The end behaviour asymptote given by $\underset{x\to {\infty }^{-}}{\lim }\frac{f\left(x\right)}{g\left(x\right)}\text{ or }\underset{x\to {\infty }^{+}}{\lim }\frac{f\left(x\right)}{g\left(x\right)}$ is horizontal asymptotes.

The condition can be concluded as,

1) If $n<m$ , the end behaviour is horizontal asymptotes that is $y=0$ ,

2) If $n=m$ the end behaviour is horizontal asymptotes is horizontal asymptotes that is $y=\frac{a_n}{b_n}$

3) If $n>m$ ,the quotient $q\left(x\right)$ of $f\left(x\right)/g\left(x\right)$ is the end behaviour asymptotes, where $q\left(x\right)$ is given by $f\left(x\right)=g\left(x\right)q\left(x\right)+r\left(x\right)$ with $r\left(x\right)$ is remainder of $f\left(x\right)/g\left(x\right)$ . Hence, no horizontal asymptotes.

And,

The x -intercept is given by zeros of numerator that are not zero of denominator. And y -intercept is given by $f\left(0\right)$ .

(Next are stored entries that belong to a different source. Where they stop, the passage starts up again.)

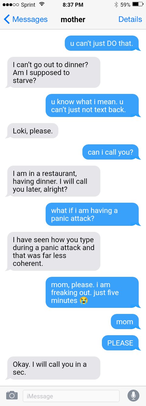Oookay, granted, explaining stuff to child alters is still hard sometimes. Before Thor can trawl though his brain for an acceptable answer, though, Leah whines and screws up her face.
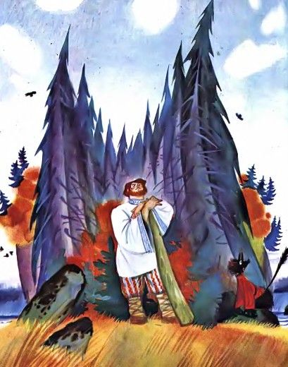 Слушай: платить обязались чертиМне оброк но самой моей смерти;Лучшего б не надобно дохода,Да есть на них недоимки за три года.Как наешься ты своей полбы,Собери-ка с чертей оброк мне полный».Балда, с попом понапрасну не споря,Пошел, сел у берега моря;Там он стал веревку крутитьДа конец ее в море мочить.Вот из моря вылез старый Бес:«Зачем ты. Балда, к нам залез?»
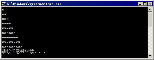 第九步,以此类推,在第3行会打印3个“*”,逐行递增,直到i的值为10时,外层循环的判断条件i <= 9结果为false,外层循环结束,整个程序也就结束了。
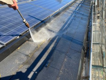 屋根高圧洗浄施工中
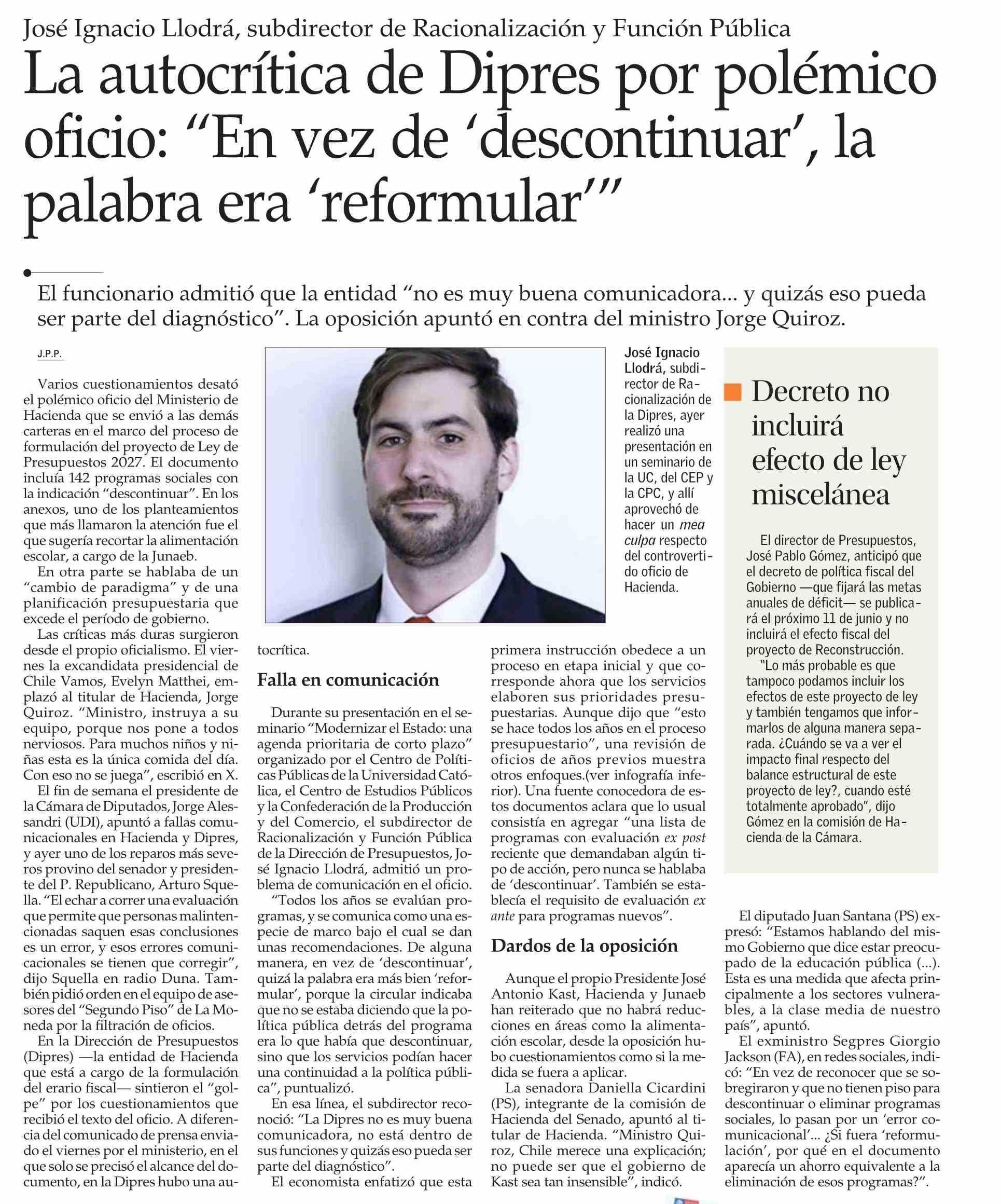 La autocrítica de Dipres por polémico oficio: “En vez de *descontinuar”, la palabra era “reformular” 28-04-2026 El Mercurio |
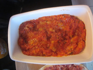 Orezul și ceapă tocată mărunt, se călesc în puțin ulei și apă, cca. 10 minute la foc mic, neacoperit. Carnea tocată sse amestecă cu baconul cubulețe și amestecul de orez călit cu ceapă. Se asezonează de sare și piper, după gust, atenție baconul s-ar putea deja să fie suficient de sărat.

From using asymptotes and intercepts the graph can be drawn.

Calculation:

Consider the function, $f\left(x\right)=\frac{-3x^2+x+12}{x^2-4}$ .

To find vertical asymptotes, find the zeros of denominator, so factorize the denominator $x^2-4$ :

  $x^2-4=\left(x+2\right)\left(x-2\right)$

Thus, the zeros of denominator of $f\left(x\right)$ is $x=-2$ and $x=2$ , Means the vertical asymptotes are $x=-2$ and $x=2$ .

To find end behaviour asymptotes, find $m\text{ and }n$ compare, $f\left(x\right)=\frac{-3x^2+x+12}{x^2-4}$ with $y=\frac{f\left(x\right)}{g\left(x\right)}=\frac{\left(a_n{x}^n+\mathrm{....}\right)}{\left(b_m{x}^m+\mathrm{....}\right)}$ .

Since, $n=m$ end behaviour asymptotes is horizontal asymptotes is,

  $\begin{array}{c}y=\frac{-3}{1}\\ =-3\end{array}$

Now find the intercept, the x -intercept is given by zeros of numerator that are not zero of denominator. Hence solve $-3x^2+x+12=0$ for x .

  $x=\frac{1\pm \sqrt{145}}{6}$

The x -intercept are $\left(\frac{1+\sqrt{145}}{6},0\right)$ and $\left(\frac{1-\sqrt{145}}{6},0\right)$ or $\left(2.17,0\right)$ and $\left(-1.84,0\right)$

And y -intercept is given by $f\left(0\right)$ , so from $f\left(x\right)=\frac{-3x^2+x+12}{x^2-4}$ .

  $\begin{array}{c}f\left(0\right)=\frac{-3{\left(0\right)}^2+0+12}{0^2-4}\\ =\frac{12}{-4}\\ =-3\end{array}$

Thus y -intercept is $\left(0,-3\right)$ .

Hence, using vertical asymptotes $x=-2$ and $x=2$ , horizontal asymptotes, $y=-3$ with intercepts are $\left(2.17,0\right)$ , $\left(-1.84,0\right)$ and $\left(0,-3\right)$

the graph obtain is as:

  

Conclusion:

The vertical asymptotes is $x=-2$ and $x=2$ , horizontal asymptotes is $y=-3$ with intercepts $\left(2.17,0\right)$ , $\left(-1.84,0\right)$ and $\left(0,-3\right)$ .